Fix file sizes in README (4.4 GB), clean up wording

1ed0d94 verified 17 days ago

6.15 kB

	---
	license: apache-2.0
	base_model: mistralai/Voxtral-Mini-4B-Realtime-2602
	base_model_relation: quantized
	tags:
	- speech-to-text
	- voxtral
	- mistral
	- int4
	- quantized
	- marlin
	- jetson
	- edge
	- realtime
	- streaming
	language:
	- en
	- fr
	- es
	- de
	- ru
	- zh
	- ja
	- it
	- pt
	- nl
	- ar
	- hi
	- ko
	---

	# Voxtral Mini 4B INT4 — Jetson Orin Nano

	INT4 quantized [Voxtral Mini 4B Realtime](https://huggingface.co/mistralai/Voxtral-Mini-4B-Realtime-2602) for edge deployment on NVIDIA Jetson Orin Nano (8 GB).

	4.4 GB — fits in 8 GB unified memory with room for KV cache and runtime.

	## What's in this repo

	\| File \| Size \| Description \|
	\|------\|------\|-------------\|
	\| `consolidated.safetensors` \| 4.4 GB \| Marlin-packed INT4 decoder + BF16 encoder/norms/embeddings \|
	\| `params.json` \| 1.6 KB \| Model architecture config (Mistral native format) \|
	\| `tekken.json` \| 15 MB \| Mistral tekken tokenizer \|
	\| `requirements.txt` \| — \| Pinned Python dependencies for Jetson \|
	\| `scripts/jetson_serve_sdpa.py` \| ~50 KB \| Self-contained inference server (no HF/vLLM deps) \|
	\| `scripts/quantize_marlin.py` \| ~10 KB \| Quantization script to reproduce this model \|
	\| `kernels/fused_ops.cu` \| 8.5 KB \| Fused CUDA kernels (JIT compiled, SM87) \|

	## Quantization details

	- Method: RTN (Round-To-Nearest) quantized directly into Marlin-packed format
	- Bits: 4-bit (decoder linear layers), BF16 (audio encoder, norms, embeddings)
	- Group size: 128
	- Encoding: uint4b8 (value + 8 bias), Marlin tiled INT4 layout
	- Why RTN over GPTQ: GPTQ's Hessian optimization destroys the critical SPAD-to-text transition boundary in Voxtral's streaming architecture. RTN preserves it perfectly. See [below](#why-rtn-not-gptq).

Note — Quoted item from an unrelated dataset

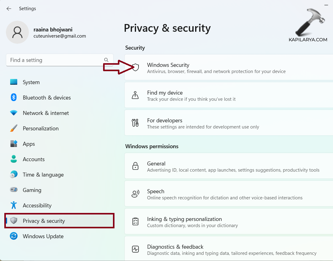 2. Haga clic en “Privacidad y seguridad” > “Seguridad de Windows”.

	### Reproducing the quantization

	```bash
	pip install torch safetensors numpy

	# From the original HuggingFace model:
	python scripts/quantize_marlin.py \
	--model-dir path/to/Voxtral-Mini-4B-Realtime-2602 \
	--output-dir ./output
	```

	## Architecture

	\| Component \| Params \| Precision \| Size \|
	\|-----------\|--------\|-----------\|------\|
	\| Audio encoder (Whisper-style, 32 layers) \| ~600M \| BF16 \| 1.86 GB \|
	\| Projector (5120 → 3072 → 3072) \| ~25M \| BF16 \| 0.05 GB \|
	\| LM decoder (26 layers, 3072 hidden, GQA 32/8 heads) \| ~3B \| Marlin INT4 \| ~1.70 GB \|
	\| Token embeddings (131072 × 3072) \| ~400M \| BF16 \| 0.77 GB \|
	\| ada_rms_norm_t_cond + norms \| ~1M \| BF16 \| 0.01 GB \|
	\| Total \| ~4B \| \| 4.4 GB \|

	## Transcription quality

	Tested on Fleurs en_us samples — near-perfect output matching the fp16 baseline:

	\| Sample \| Quality \| Notes \|
	\|--------\|---------\|-------\|
	\| 0 — communication channels \| Excellent \| Punctuation added, matches reference \|
	\| 1 — capital letters \| Good \| "sie" → "say" (phonetic) \|
	\| 2 — town of Sintra \| Excellent \| Full match \|
	\| 3 — cabbage juice \| Excellent \| Full match \|
	\| 4 — dinosaurs with feathers \| Perfect \| Exact match \|

	## Usage

	### Self-contained server (recommended for Jetson)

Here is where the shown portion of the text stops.